STUDY FOR A PORTRAIT, 2004
RICK AMOR
oil on canvas
81.0 x 100.0 cm
signed and dated lower left: RICK AMOR ‘04
dated and inscribed with title verso: July '04 / Study for a / Portrait / …
Private collection, Melbourne, acquired directly from the artist in 2004
Grishin, S., Accounting for Taste: The Lowensteins Arts Management Collection, Macmillan Art Publishing, Melbourne, 2013, p. 52 (illus.)
‘I’ve always thought that what we see is not necessarily what’s there. There’s extra things we don’t see, there’s layers of reality... The twentieth century seems to be a struggle to relate perception to reality…’1
A consummate painter, sculptor and printmaker with a highly successful career spanning four decades, Rick Amor is the master of transforming the ordinary into the extraordinary. Although drawing inspiration from the seemingly mundane, everyday sites of suburbia and the drab underside of the city, his paintings are typically full of drama, deep melancholy and foreboding – resonating with a disquieting sense of both beauty and menace that alludes to the ambiguities inherent in life and humanity’s complex existence.

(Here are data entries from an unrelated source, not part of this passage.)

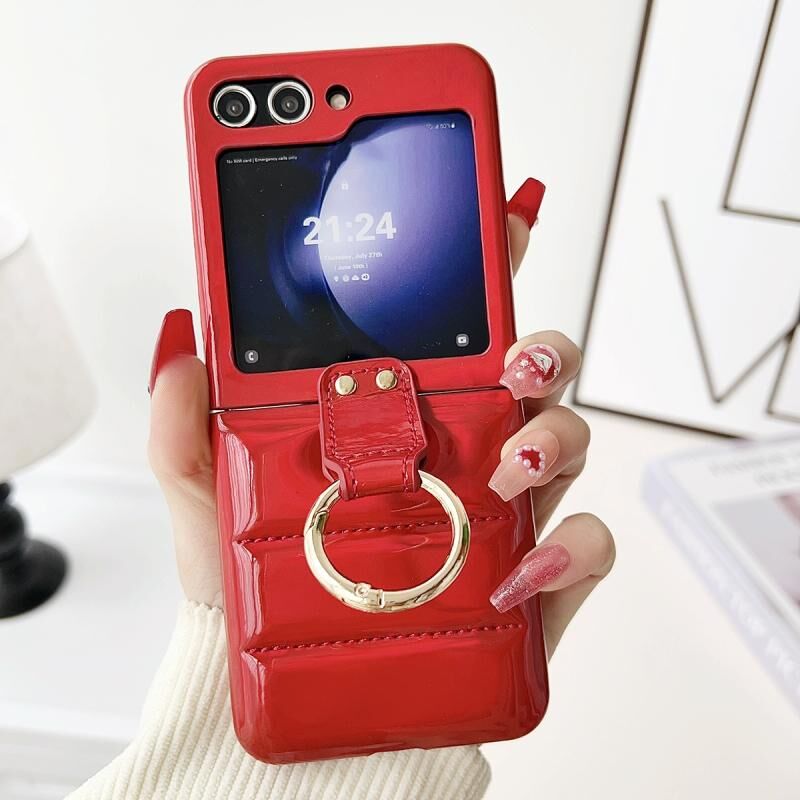 Για το Samsung Galaxy Z flip5 Laser Aurora δαχτυλίδι δαχτυλίδι κάτω σακάκι Shockproof τηλέφωνο υπόθεση (κόκκινο)
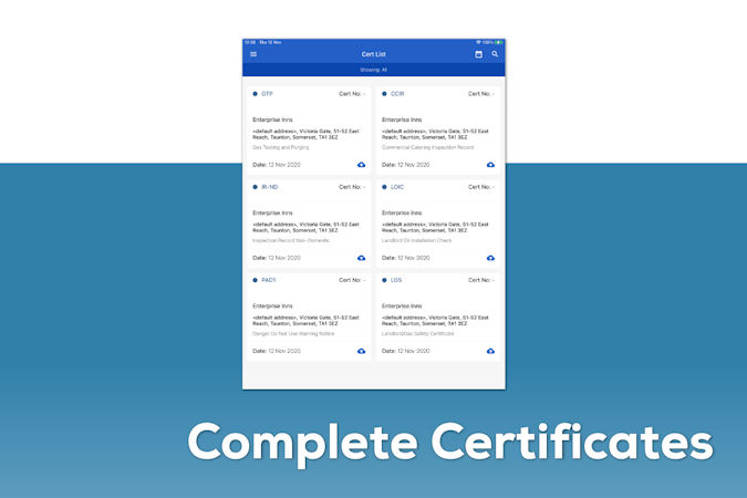 Clik Cert (Field) is the mobile certification solution for your engineers to use whilst onsite. Fill in, edit and complete digital gas certificates all from your mobile device and make paperwork straightforward. The apps connect directly to your Clik Cert database, so you can take your work offline and manage certificates wherever you are.
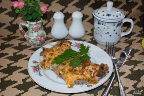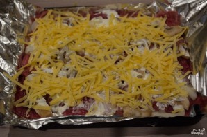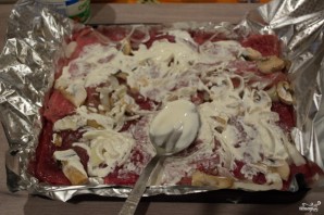 Grind the mushrooms. Place them on top of the onion. Pour the sour cream over the meat, spreading it evenly over the entire surface of the meat.
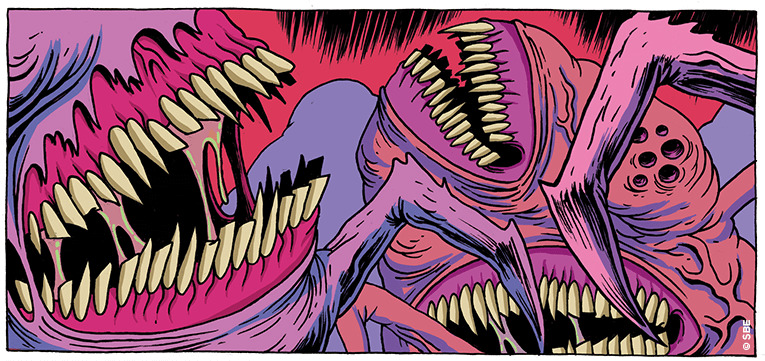 Nel 2017 ho cominciato a collaborare con la Hollow Press, specializzata in fumetti weird e horror dal taglio fantasy e underground, per cui ho realizzato “The Rust Kingdom”, un fantasy postapocalittico a metà strada tra Mad Max e Adventure Time, seguito da due brevi spinoff, e “FINGERLESS”, un graphic novel muto che racconta una implacabile invasione aliena dai risvolti decisamente orrorifici e stranianti.

Far from being literal translations, Amor’s urban landscapes have evolved, rather, over a number of years, and consequently reveal several layers of memory, knowledge and perception – together with the influence of literature concerning cities from T.S. Eliot’s poetic verse to the classic dystopian texts of George Orwell and Franz Kafka. As Paul McGillick observes of Amor’s work, ‘…this is a phenomenological process by which the world as we think we see it is actually a construction based only partly on our understanding of it… there is a disconcerting quality to his pictures, as though they were not so much snapshots of reality as frozen frames from the moving pictures of our dreams’.2
As exemplified superbly by Study for a Portrait, 2004, a motif frequently punctuating Amor’s urban landscapes is that of the solitary individual, alone and dissociated in his environment. Dwarfed by the grandiose carved stone foundations of the building to the left and modern monolithic structure to the right, here a hooded protagonist stares out resolutely from the murky, shadowed alley – the scene imbued with characteristic stillness and suspense. Heightening his isolation is the inclusion of another lone figure (reminiscent of Amor’s celebrated Waiter with his crisp white shirt) who toils away behind the glass window, seemingly oblivious to the presence of either the artist or his anonymous laneway character. Although a fabricated world in the same manner as the meticulously arranged, haunted piazzas and streetscapes of Italian Surrealist painter, Giorgio de Chirico, one cannot help but feel an uncanny sense of familiarity, of something already experienced, or deja vu. Indeed, such is the evocative power and enduring appeal of Amor’s vision which, despite being the outward expression of his own inner life, nevertheless engages the collective unconscious of universal experiences, thoughts and feelings to poignantly reflect upon the complexities of the human condition more broadly. As the artist himself muses,
‘…the pictures are real to me and I would love to find these places and walk into them. I hope that my world is sometimes as convincing to the viewer as it is to me’.3
1. Amor, R., in Catalano, G., Building a Picture: Interviews with Australian Artists, McGraw Hill, Melbourne, 1997, p. 141
2. McGillick, P., ‘The City as Dream - The New York Paintings of Rick Amor’, Monument, no. 22, 1998, pp. 84 – 88
3. Amor, R., On Brack, Bren and Picasso, exhibition catalogue, TarraWarra Museum of Art, Victoria, 2006, n.p.